I have this problem and have been stuck with it for a week now
I'm querying a huge amount of data (millions) from a DB, and then breaks them into partition using Multi and for each of them, process using Uni
My main function code looks roughly something like this:
public Uni<Void>processData(Request request) {
AtomicReference<List<Item>> listItemRef = new AtomicReference<>();
return getAllMatchingItem(request)
.onItem().transformToMulti(result -> Multi.createFrom().iterable(ListUtils.partition(result, 10000)))
.onItem().transformToUni(resultBatched -> Uni.createFrom().item(() -> resultBatched)
.chain(resultBatched -> {
listItemRef.setRelease(resultBatched);
return getOtherItemBasedOnItem(resultBatched);
})
.chain(otherItems -> {
List<Item> items = listItemRef.getPlain();
return createProcessedItems(items, otherItems);
})
.chain(processedItems -> {
return insertProcessedItems(processedItems);
})
.onTermination().invoke(() -> {
LOGGER.info("Data process success");
})
.replaceWithVoid() // to make sure no remaining reference to upstream Unis
)
.merge(1)
.collect().asList()
.replaceWithVoid()
.emitOn(MutinyHelper.executor(Vertx.currentContext()));
}
and the supporting functions are roughly like this:
public Uni<List<Item>> getAllMatchingItem(Request request) {
// get data to DB, basically PanacheRepository.find(...).list
return Uni.createFrom().item(() -> repo.find(" ... ").list)

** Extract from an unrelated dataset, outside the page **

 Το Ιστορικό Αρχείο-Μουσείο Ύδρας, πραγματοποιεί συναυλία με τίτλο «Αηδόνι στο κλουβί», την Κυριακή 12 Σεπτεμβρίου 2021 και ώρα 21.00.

.runSubscriptionOn(Infrastructure.getDefaultWorkerPool())
.emitOn(MutinyHelper.executor(Vertx.currentContext()));
}
public Uni<List<OtherItem>> getOtherItemBasedOnItem(List<Item> items) {
// get data to DB, basically PanacheRepository.find(id in items.getIdSet).list()

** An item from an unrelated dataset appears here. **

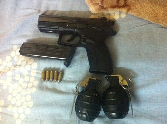 Τα εντοπίζει και χρησιμοποιώντας το ίδιο σκοινί σκαρφαλώνει πίσω στο κελί του. Η πληροφορία που είχε φτάσει τότε στους αρχιφύλακες ήταν πως σε μία από τις μεταμεσονύκτιες βόλτες στο προαύλιο εκτός από ναρκωτικά είχε «μπει» μέσα στη φυλακή και οπλισμός, τον οποίο θα χρησιμοποιούσαν για κάποια απόδραση. Πράγματι μετά δύο μήνες ερευνών βρέθηκαν ένα όπλο, δύο χειροβομβίδες και πέντε σφαίρες.

return Uni.createFrom().item(() -> repo.find("id in ?1", items.getIDSet()).list)
.runSubscriptionOn(Infrastructure.getDefaultWorkerPool())
.emitOn(MutinyHelper.executor(Vertx.currentContext()));
}
public Uni<List<ProcessedItem>> createProcessedItems(List<Item> items, List<OtherItem> otherItems) {
return Uni.createFrom().item(() -> doCreateProcessedItems(item, otherItems))

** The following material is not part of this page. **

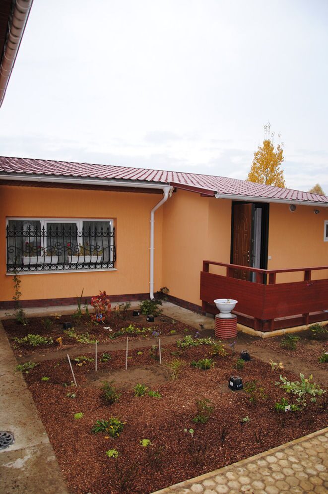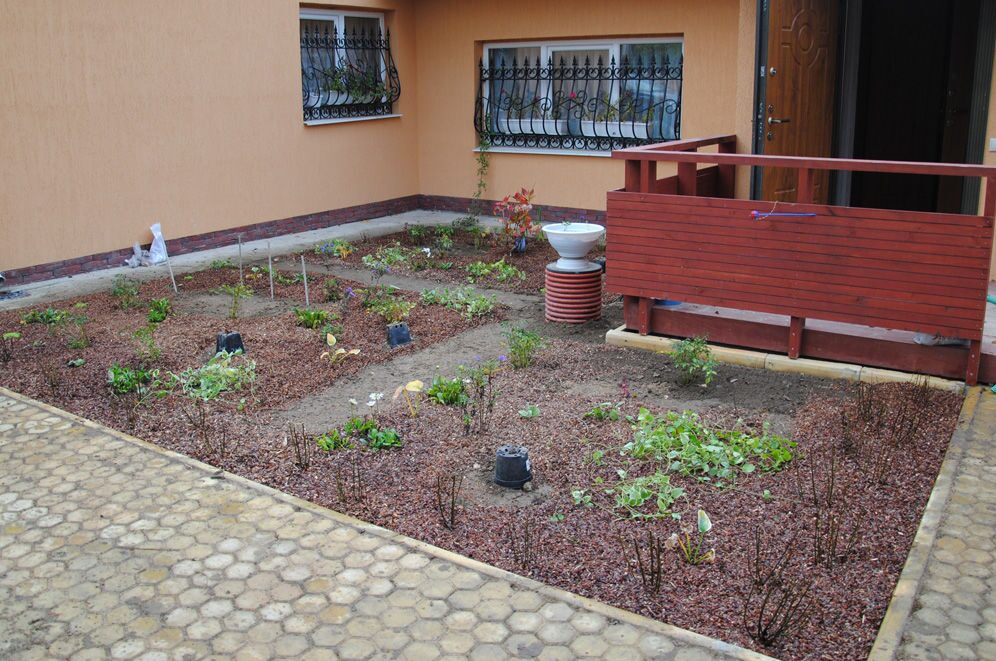 Проводя благоустройство территории этого участка, мы старались максимально вписать его окружающую его природу, одновременно подчеркнуть разницу между естественным и рукотворным ландшафтом. Для этого была произведены выемка грунта для выравнивания территории, а пограничная, возвышающаяся часть примыкающих участков укреплена невысокой бетонной стенкой. Таким образом, абсолютно ровный участок оказался в искусственно созданной низине. После разметки были определены места для пешеходных дорожек, парковки автомобиля, клумб и газонов. Если для устройства дорожек было выбрано мощение тротуарной плиткой светлого оттенка, то место для автомобиля было выложено небольшими бетонными модулями, имитирующими сетку. Такой вариант обустройства парковочного места позволяет оставлять больше площади для растущей травы, одновременно защищая её. Для устройства газонов и клумб был использован разнообразный посадочный материал – это и стелющиеся растения, и кустарники, и многолетние цветы. Мы постарались максимально задействовать всю свободную площадь участка для создания насыщенной зелёной зоны. Вместе с тем мы очень продуманно и рационально произвели планировку, чтобы взгляд не наталкивался на пустоты и искусственный ландшафт не вступал в диссонанс с естественным. На сравнительно небольшом участке мы органично совместили альпийскую горку и парковочную площадку, брусчатку из искусственного камня и всегда росшие здесь берёзы, строгую геометрию здания и участка с волнообразным окружающим пейзажем.

.runSubscriptionOn(Infrastructure.getDefaultWorkerPool())
.emitOn(MutinyHelper.executor(Vertx.currentContext()));
}
public List<ProcessedItem> doCreateProcessedItems(List<Item> items, List<OtherItem> otherItems) {
// process those items
// basically create Map, create list, etc
// no external function call, just plain code
}
public Uni<Void> insertProcessedItems(List<ProcessedItem> processedItems) {
// basically just insert/update
return Uni.createFrom().voidItem()
.runSubscriptionOn(Infrastructure.getDefaultWorkerPool())
.invoke(() -> repo.persist(processedItems))
.emitOn(MutinyHelper.executor(Vertx.currentContext()));
}
I suspect there are memory leaks because the log Data process success appears a few times before getting this exception
java.lang.OutOfMemoryError: Java heap space
I also getting this warning:
(vertx-blocked-thread-checker) Thread Thread[vert.x-eventloop-thread-0,5,main] has been blocked for 3203 ms, time limit is 2000 ms: io.vertx.core.VertxException: Thread blocked
2024-02-03 21:20:10,152 WARN [io.ver.cor.imp.BlockedThreadChecker] (vertx-blocked-thread-checker) Thread Thread[vert.x-eventloop-thread-0,5,main] has been blocked for 3203 ms, time limit is 2000 ms: io.vertx.core.VertxException: Thread blocked
I appreciate any clue I could get on how to solve this complex issue
Note: I'm using Quarkus version 2.16 if that matters
A Vert.x thread block checker warning means that you are doing some blocking I/O and/or long-running work on an event-loop thread.
From what I see in your code I suspect that you are doing calls to Hibernate (not Reactive) and then put data from memory into reactive pipelines, eventually collecting everything as a list (
.collect().asList()) does just that.Reactive is great if you do it properly end-to-end with non-blocking I/O. If that's not the case I'd recommend rewriting the code as plain imperative code.